EPA regions from Natural Earth data with GeoPandas / regionmask.

Version on PyPI

regions

Code
python -m epa_regions -r 50m --states-only --save

Installation

With conda (recommended):

conda activate ...
conda install -c conda-forge geopandas regionmask pooch pyogrio
pip install epa-regions

pip install epa-regions does not install any dependencies, as it is expected that you will have installed them with conda.

  • geopandas: needed if you want to use epa_regions.get()
  • pooch: for downloading/caching the shapefiles for epa_regions.get()
  • pyogrio: for faster reading of shapefiles
  • regionmask: needed if you want to use epa_regions.to_regionmask()

Note that epa_regions.look_up() requires only pandas, and you can access the region definitions (region number, office, and state/territory constituents) at epa_regions.REGIONS without any 3rd-party dependencies.

python -m epa_regions needs matplotlib.

Usage

import epa_regions

# GeoPandas GeoDataFrame
epa = epa_regions.get(resolution="50m")

# Convert to regionmask Regions for use with gridded data
epa = epa_regions.to_regionmask(epa)

Point data

points

Code
import geopandas as gpd
import matplotlib.pyplot as plt
import numpy as np

import epa_regions

rng = np.random.default_rng(seed=123)

epa = epa_regions.get(resolution="50m")

# CONUS
lonmin, lonmax = -125, -66
latmin, latmax = 24, 50
n = 250
lon = rng.uniform(lonmin, lonmax, n)
lat = rng.uniform(latmin, latmax, n)
points = gpd.GeoDataFrame(
    geometry=gpd.points_from_xy(lon, lat, crs="EPSG:4326")
)

fig, ax = plt.subplots(constrained_layout=True, figsize=(4, 2.5))

epa.plot(column="number", ax=ax, alpha=0.6)
points.sjoin(epa, predicate="within").plot(column="number", ax=ax, ec="0.3", lw=1)

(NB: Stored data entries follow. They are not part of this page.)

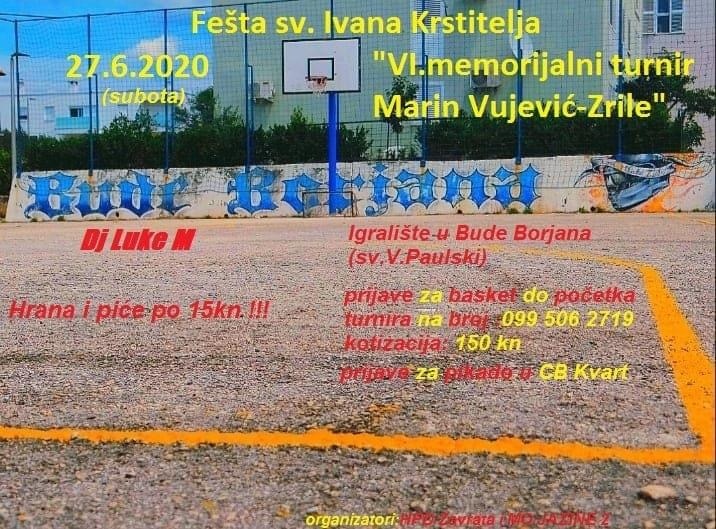 Dragi naši prijatelji dobrodošli na prvu after korona feštu i turnir u Zadru. Pridružite nam se na pomaknutoj tradicionalnoj fešti sv.Ivana Krstitelja i memorijalnom turniru “Marin Vujević-Zrile”uz vatrene mečeve u basketu i pikadu s početkom u 18h!!!
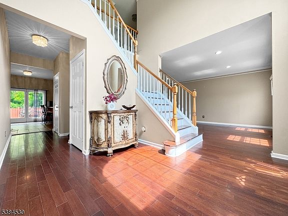 Nestled in the highly desirable Stewarts Hunt community, this elegant Center Hall Colonial offers spacious living and timeless appeal. Upon entry, a grand center hall foyer sets the tone, flanked by a formal dining room that is ideal for hosting gatherings in style. The heart of the home is an expansive eat-in kitchen, featuring granite countertops, stainless steel appliances, a central island with a breakfast bar, double sink, and generous cabinet space perfect for both everyday living and entertaining. The inviting family room, complete with a wood burning fireplace, creates a warm and welcoming atmosphere for quiet evenings and casual gatherings. A well-appointed powder room, convenient access to the two-car garage, and a laundry room round out the main floor. Upstairs, the home offers four generously sized bedrooms, including a tranquil primary suite with a private bath. An additional full bath serves the remaining bedrooms. The fully finished basement provides flexible space for a media room, home office, gym, or guest suite, and includes a full bath for added convenience. This beautifully maintained home is an exceptional opportunity in a sought-after community. Schedule your private showing today
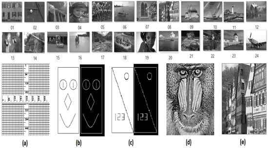 The data set used to analyze the proposed algorithms was labeled 1 to 24, starting with the top left image. The last row (a–e) contains the original image that serve as visual references to compare the proposed algorithm with other algorithms.
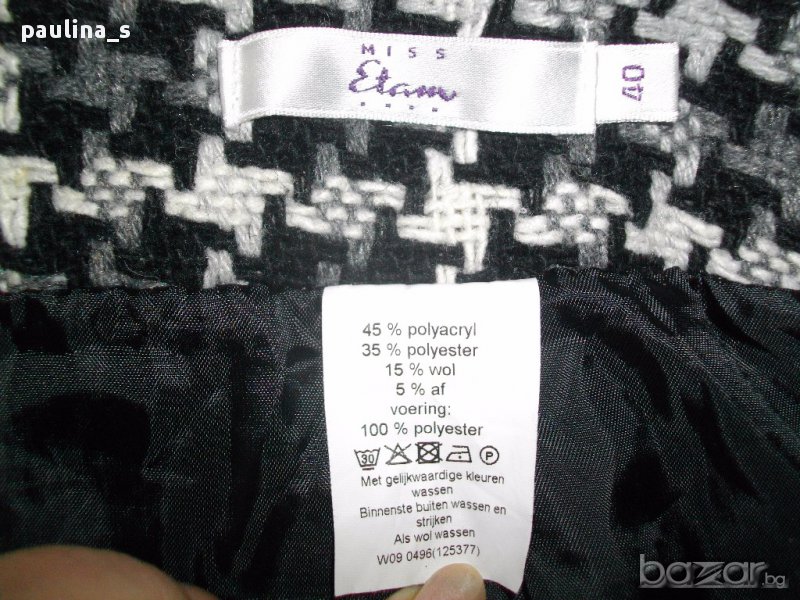 1️⃣. L / XL "Miss Etam". Цената е крайна, без пазарлъци 29,99лв / 15 евро. Брандова пола с хастар. Моделът е с платка, от която започват джобовете, без дефекти и етикет, нова е. Плохата е двойна(още с фабричната фиксация) и започва от нивото под ханша. Закопчаване отзад с цип. Качеството на изработка е гарантирано от бранда.
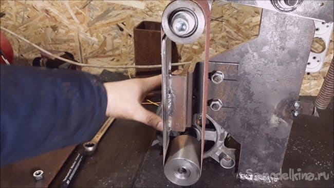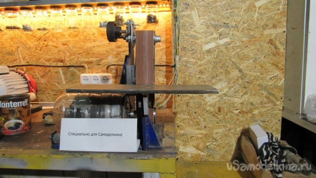 Вот такой станочек помощник появился у меня в гараже. Наждаком перестал пользоваться вообще. Здесь можно поставить ленту разной зернистости. Хорошо подходит ля заточки инструмента и сверл. А так же на нем отлично выводить спуски на ножах.
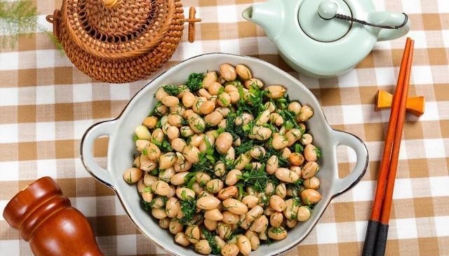 7. 拌匀所有材料:将切好的茴香段加入到大碗中,倒入事先调好的酱汁。然后加入炒香的大蒜和辣椒,最后放入炒好的花生仁,搅拌均匀,使所有食材充分入味。
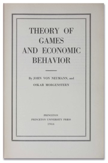 John von Neumann and Oskar Morgenstern “Theory of Games and Economic Behavior”, 1944. The book became the “bible” of game theory.
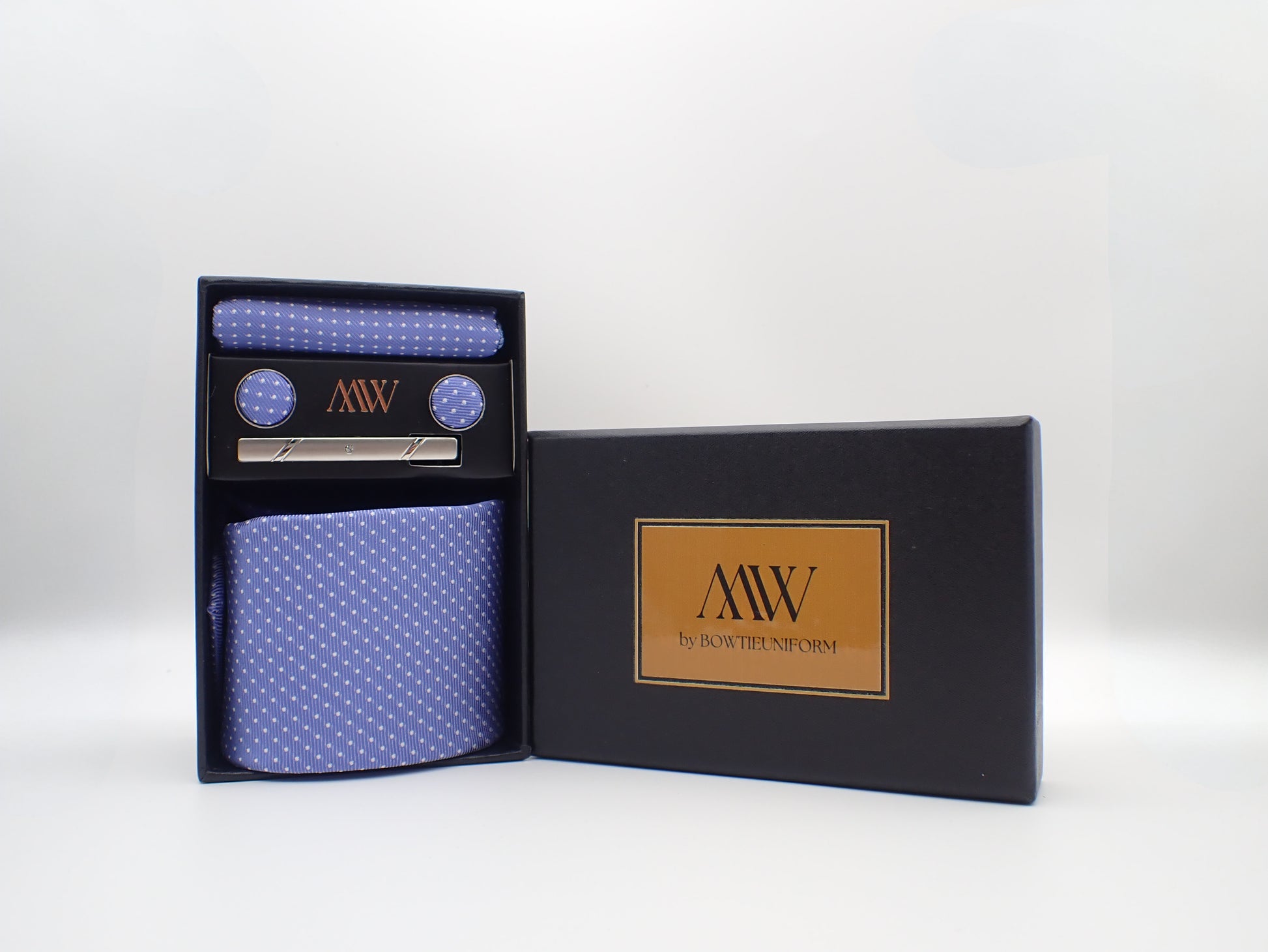 Our tie set including a Tie, Pocket Square, Bowtie, Cufflinks and Clips which also comes with a box.
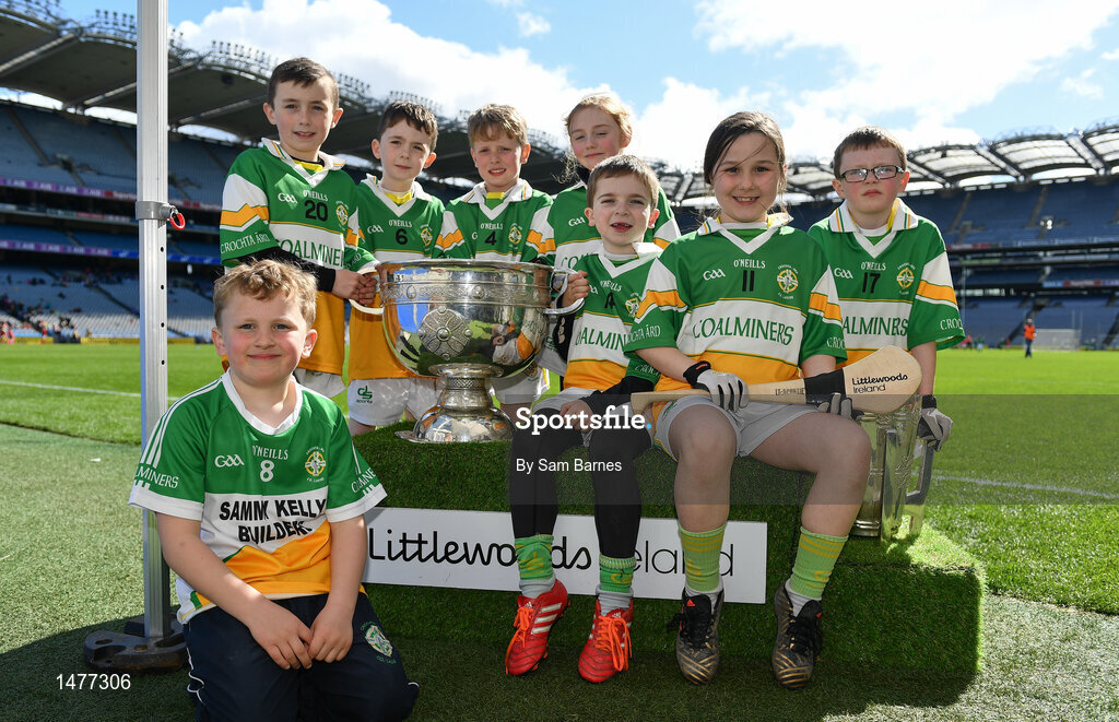 3 April 2018; Players from Crettyard GAA, Co Laois, pictured with the Sam Maguire and Liam MacCarthy Trophies during Day 1 of the The Go Games Provincial days in partnership with Littlewoods Ireland at Croke Park in Dublin. Photo by Sam Barnes/Sportsfile
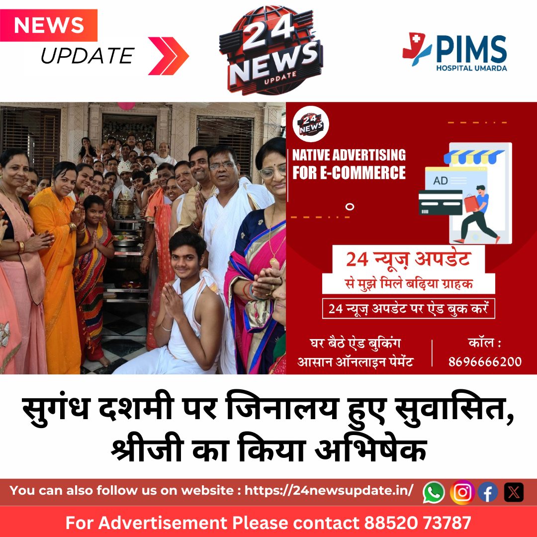 जैन समाज के प्रतिष्ठाचार्य पंडित विनोद उर्फ विरल पगारिया ने बताया कि इस अवसर पर मंगलवार प्रातः रोशन , विकास कोठारी द्वारा साथिया भरा गया। साथ ही चन्द्रप्रभु भगवान की प्रतिमा को पाण्डूक शिला पर विराजित कर पंचामृत अभिषेक किया गया स्वर्ण कलश से अभय जैन तथा परेश गलालिया द्वारा अभिषेक किया गया। विश्व शांति कामनार्थ श्रद्धालुओ द्वारा शांतिधारा की गयी। नवदेवता पूजा , सोलह कारण पूजा , दस लक्षण पूजा के बाद उत्तम संयम धर्म के विधान मंडप पर अष्ट द्रव्य श्रीफल युक्त अर्घ चढाये गये। दोपहर मे समाज जनो द्वारा नगर के सभी जिनालयो मे धूप चढायी गयी सुगंध दसमी अवसर पर सभी जिनालय के गर्म गृह मे पुष्पो से आकर्षक सजावट की गयी। सांयकालीन आरती का लाभ राजेन्द्र पंचोरी ने लिया। इस अवसर पर कपिल पंचोरी,राजेन्द्र दोसी/विजय,निखिल नोगमिया,ललित कोठारी,बिहारी लाल,राजेश,अजित,अक्षत,वैभव पालविया पोपट पंचोरी,नागेश गोवाडिया,अशोक कोठारी,महावीर पगारिया समेत अनेक श्रद्धालु उपस्थित थे।
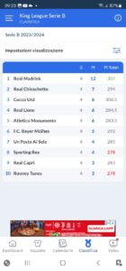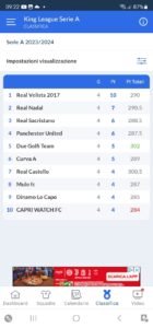 L’attenzione della giornata numero 4 del campionato è girata tutta intorno a Real Velista/Curva A. Capolista contro campione di Lega. Alla fine, il risultato accontenta entrambe, forse di più però va bene alla squadra di Andrea D’Apice che può continuare il suo percorso da capolista. La gara subisce il primo sussulto appena cominciata quando Osimhen porta in vantaggio Curva A. Casanova, però, non trova il colpo del KO e alla fine il Real Velista con un serie di sufficienze porta via il pari. Alle spalle della capolista bussa la neopromossa Real Nadal che liquida 3 a 0 Capri Watch. Gennarino e Raffy possono esultare con Politano e Gonzales. Festival del gol in Due Golfi/Panchester che termina 5 a 3. Il poker di Martinez non basta per la sicurezza a Fabrizio Cataldo visto la reazione di Gudmunsson. Alla fine la decide Nzola. Prima vittoria di Due Golfi che sale a 5 punti. Prima vittoria anche per il Real Castello che strapazza la Dinamo Lo Capo per 7 a 0. Non c’è storia, Nicolò Serena sfoggia un Orsolini in versione top player e può tirare un sospiro di sollievo. Nella giornata delle prime vittorie non manca quella del Mulo, unica squadra della Lega ad aver giocato in tutte le categorie compresa la Lnd che ora non è più disputata. Colombo e Lukaku stendono il Real Sacristano. Campionato equilibratissimo, tutte hanno almeno 4 punti, media altissima. Panchester/Real Nadal sfida clou del prossimo fine settimana.
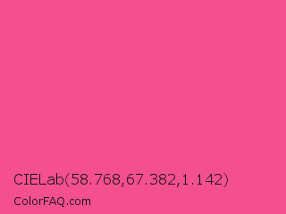 CIELab 58.768,67.382,1.142 Color is a light rose color and the nearest color is French Rose #f64a8a. Hex code #f44f8e and RGB value is rgb(244,79,142). In RGB color space, this color is composed of 96% red, 31% green, 56% blue, In CMYK color space, this color is composed of 0% cyan, 68% magenta, 42% yellow , 4% black , In HSL color space, this color has a hue angle of 337° , 88% saturation and 63% lightness.
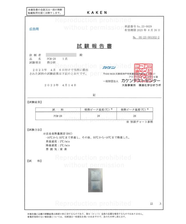 PCM冷却剤に強い衝撃を与えたり、傷をつけたら破ったりしないようにご注意ください。
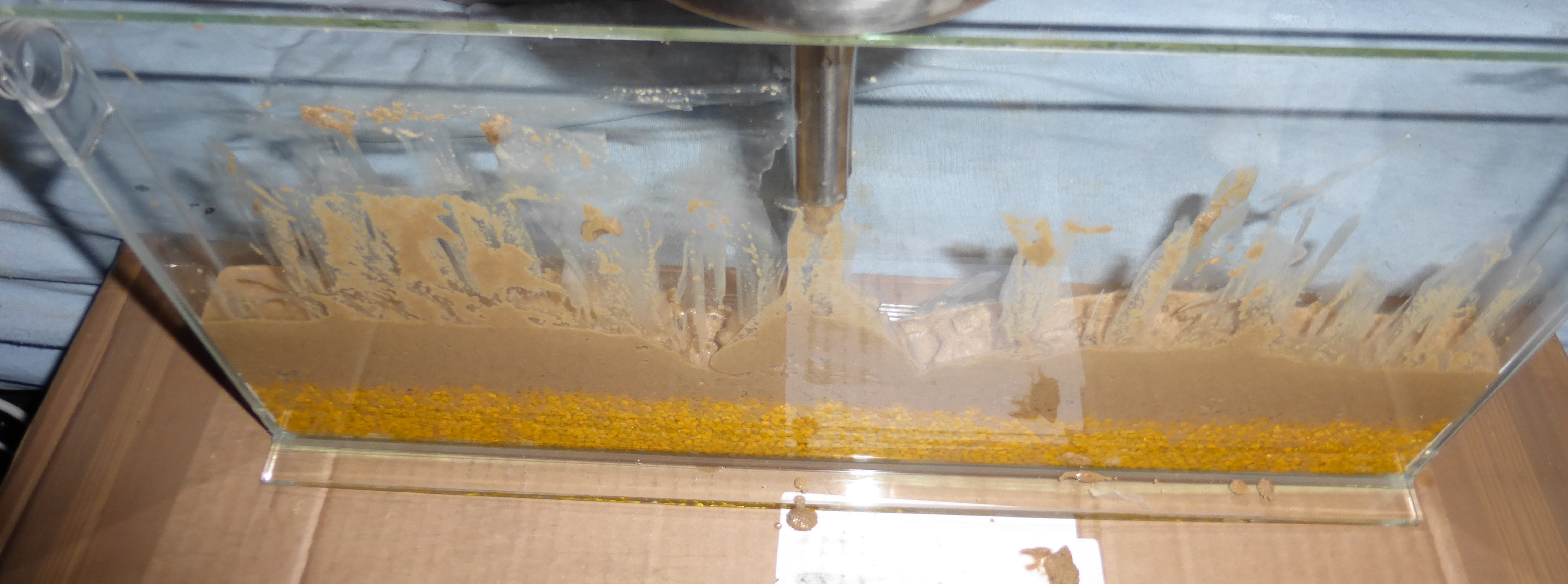 Es sind gelbe Aquariumsteinchen als Drainageschicht.
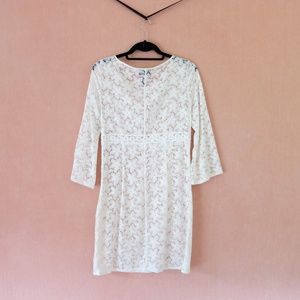 Play innocent in floral lace dress from Laundry by Shelli Segal. Featuring three quarter length bell sleeves and a wide scoop neck. Layer with a slip or rock it out with cutoffs and a bralette. No returns allowed. Please ask all questions before purchasing and I'll respond as soon as possible.

ax.set(xlim=(lonmin, lonmax), ylim=(latmin, latmax))
ax.axis("off")

fig.savefig("points.png", dpi="figure", bbox_inches="tight")

Gridded data

gridded

Code
import cartopy.crs as ccrs
import cartopy.feature as cfeature
import matplotlib.pyplot as plt
import numpy as np
import pandas as pd
import xarray as xr

import epa_regions

epa = epa_regions.to_regionmask(epa_regions.get(resolution="50m"))

# CONUS
lonmin, lonmax = -125, -66
latmin, latmax = 24, 50

ds = (
    xr.tutorial.open_dataset("air_temperature")
    .sel(lon=slice(lonmin + 360, lonmax + 360), lat=slice(latmax, latmin))
)
mask = epa.mask(ds.isel(time=0))

proj = ccrs.LambertConformal(central_longitude=-100)
tran = ccrs.PlateCarree()

fig = plt.figure(figsize=(6, 6), constrained_layout=True)

ax = fig.add_subplot(3, 1, (1, 2), projection=proj)

mask.plot.pcolormesh(
    levels=np.arange(mask.min() - 0.5, mask.max() + 1),
    ax=ax,
    transform=ccrs.PlateCarree(),
    cmap="tab10",
    cbar_kwargs=dict(
        orientation="horizontal",
        fraction=0.075,
        pad=0.05,
        ticks=np.arange(mask.min(), mask.max() + 1),
        format="R{x:.0f}",
        label="EPA Region",
    ),
)

ax.add_feature(cfeature.STATES, linewidth=0.7, edgecolor="0.3")
ax.coastlines()
ax.set_extent([lonmin, lonmax - 2, latmin, latmax], crs=tran)
ax.set_title("")

ax = fig.add_subplot(3, 1, 3)

(dt,) = np.unique(ds.time.diff("time"))

window = pd.Timedelta("30D")
(
    ds["air"].groupby(mask)
    .mean()
    .rolling(time=int(window / dt), center=True)
    .mean()
    .plot(
        hue="mask",
        ax=ax,
        add_legend=False,
    )
)

ax.set_xlabel("")
ax.text(
    0.01,
    0.97,
    f"{window.total_seconds() / 86400:g}-day rolling mean",
    ha="left",
    va="top",
    transform=ax.transAxes,
    fontsize=11,
)

fig.savefig("gridded.png", dpi="figure", bbox_inches="tight")

Project details


Download files

Download the file for your platform. If you're not sure which to choose, learn more about installing packages.

Source Distribution

epa_regions-0.0.5.tar.gz (10.6 kB view details)

Uploaded Source

Built Distribution

If you're not sure about the file name format, learn more about wheel file names.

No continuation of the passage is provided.